At the start of the 2016 season, Podmore joined Glamorgan on loan for the first six games of the 2016 County Championship season. He played in four County Championship matches for the Welsh county, making his first-class debut against Kent at the St Lawrence Ground in Canterbury at the beginning of May. After returning to Middlesex he made four County Championship appearances for the county as they won the Championship.

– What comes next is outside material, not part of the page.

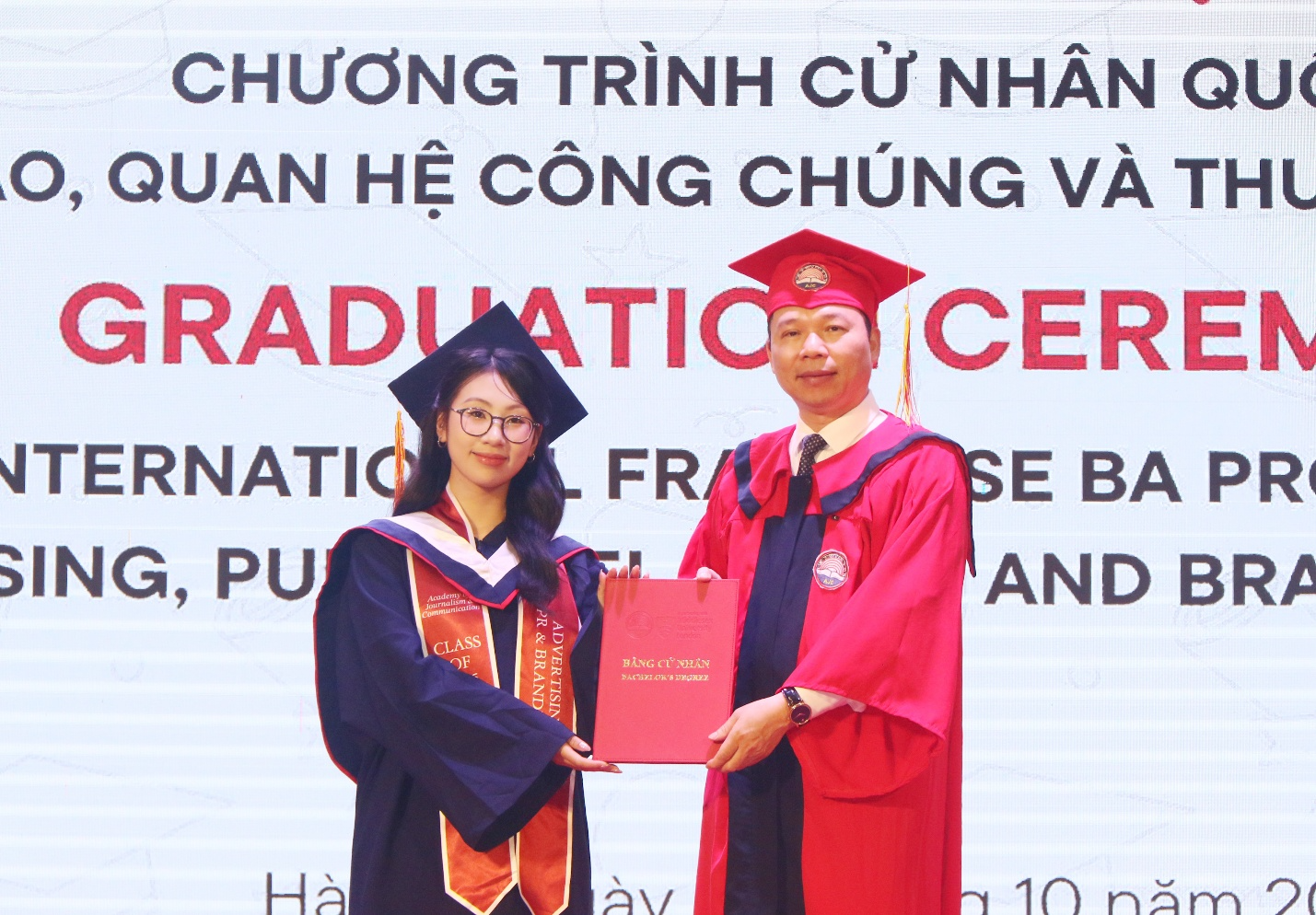 TS. Nguyễn Đức Toàn, Phó Giám đốc Học viện trao Bằng tốt nghiệp cho các tân cử nhân Chương trình Cử nhân quốc tế Quảng cáo, Quan hệ công chúng và Thương hiệu khóa VI

In April 2017 he returned to Glamorgan on loan, playing twice for the county before returning to Middlesex. After playing four one-day matches for Middlesex, he briefly joined Durham on loan during August 2017 to play for their Second XI with the possibility of a permanent move, before joining Derbyshire on a 28-day loan later the same month.

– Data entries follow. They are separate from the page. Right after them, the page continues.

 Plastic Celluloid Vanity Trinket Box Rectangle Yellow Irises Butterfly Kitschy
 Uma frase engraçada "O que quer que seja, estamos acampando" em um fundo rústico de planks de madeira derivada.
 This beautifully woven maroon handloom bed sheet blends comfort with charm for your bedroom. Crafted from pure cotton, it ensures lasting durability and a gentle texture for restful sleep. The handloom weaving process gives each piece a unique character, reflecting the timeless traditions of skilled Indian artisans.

After the 2017 season Podmore had surgery to release a trapped nerve in his bowling elbow and spent time in South Africa playing for Union Cricket Club in Port Elizabeth. In April 2018 Podmore left Middlesex to join Kent on what was reported to be a three-year contract. Podmore had an agreement with Middlesex that he could move to another county if a suitable contract became available.

Podmore's first season with Kent was branded as "successful". He played in each of Kent's County Championship matches, taking 43 County Championship wickets at an average of 23.30 runs per wicket. He was the county's second leading wicket-taker in the Championship as the team won promotion from Division Two and took his best first-class figures of 6/36 against Middlesex, his first five-wicket haul. At the end of the season he signed a contract extension, keeping him under contract at Kent until the end of the 2021 season.

Having joined Glamorgan before the start of the 2023 season, Podmore announced his retirement from professional cricket in August 2024.